DATA TO EXAMINE ->
• • •

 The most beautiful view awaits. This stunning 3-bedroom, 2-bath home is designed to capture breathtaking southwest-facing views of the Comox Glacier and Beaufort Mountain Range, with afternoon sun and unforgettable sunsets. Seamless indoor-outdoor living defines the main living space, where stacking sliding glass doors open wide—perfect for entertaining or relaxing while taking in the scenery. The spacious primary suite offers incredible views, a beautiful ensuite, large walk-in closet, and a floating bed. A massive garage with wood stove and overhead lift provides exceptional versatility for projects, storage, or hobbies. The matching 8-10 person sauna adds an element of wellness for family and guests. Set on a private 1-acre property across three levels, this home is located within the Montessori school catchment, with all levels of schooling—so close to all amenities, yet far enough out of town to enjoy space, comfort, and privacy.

• • •

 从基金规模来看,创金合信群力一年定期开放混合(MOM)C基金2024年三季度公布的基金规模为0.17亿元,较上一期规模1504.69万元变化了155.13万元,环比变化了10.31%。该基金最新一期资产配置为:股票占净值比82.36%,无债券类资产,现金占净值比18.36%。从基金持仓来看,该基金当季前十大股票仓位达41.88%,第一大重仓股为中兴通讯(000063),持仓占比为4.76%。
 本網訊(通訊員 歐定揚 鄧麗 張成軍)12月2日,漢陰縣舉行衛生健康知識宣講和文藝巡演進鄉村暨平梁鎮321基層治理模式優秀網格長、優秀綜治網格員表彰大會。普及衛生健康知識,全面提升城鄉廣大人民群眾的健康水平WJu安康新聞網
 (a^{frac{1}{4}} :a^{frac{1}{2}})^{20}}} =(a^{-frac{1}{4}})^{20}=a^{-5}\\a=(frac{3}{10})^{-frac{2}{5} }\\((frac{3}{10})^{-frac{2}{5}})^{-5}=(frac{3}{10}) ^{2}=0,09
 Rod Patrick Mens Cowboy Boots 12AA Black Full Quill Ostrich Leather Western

• • •

WHAT TO PRODUCE ->
Go through the listing above and write out exactly the lines starting with the one holding "从基金规模来看,创金合信群力" and running through the one holding "Rod Patrick Mens", ends included, and no others.

EXERCISE ANSWER ->
 从基金规模来看,创金合信群力一年定期开放混合(MOM)C基金2024年三季度公布的基金规模为0.17亿元,较上一期规模1504.69万元变化了155.13万元,环比变化了10.31%。该基金最新一期资产配置为:股票占净值比82.36%,无债券类资产,现金占净值比18.36%。从基金持仓来看,该基金当季前十大股票仓位达41.88%,第一大重仓股为中兴通讯(000063),持仓占比为4.76%。
 本網訊(通訊員 歐定揚 鄧麗 張成軍)12月2日,漢陰縣舉行衛生健康知識宣講和文藝巡演進鄉村暨平梁鎮321基層治理模式優秀網格長、優秀綜治網格員表彰大會。普及衛生健康知識,全面提升城鄉廣大人民群眾的健康水平WJu安康新聞網
 (a^{frac{1}{4}} :a^{frac{1}{2}})^{20}}} =(a^{-frac{1}{4}})^{20}=a^{-5}\\a=(frac{3}{10})^{-frac{2}{5} }\\((frac{3}{10})^{-frac{2}{5}})^{-5}=(frac{3}{10}) ^{2}=0,09
 Rod Patrick Mens Cowboy Boots 12AA Black Full Quill Ostrich Leather Western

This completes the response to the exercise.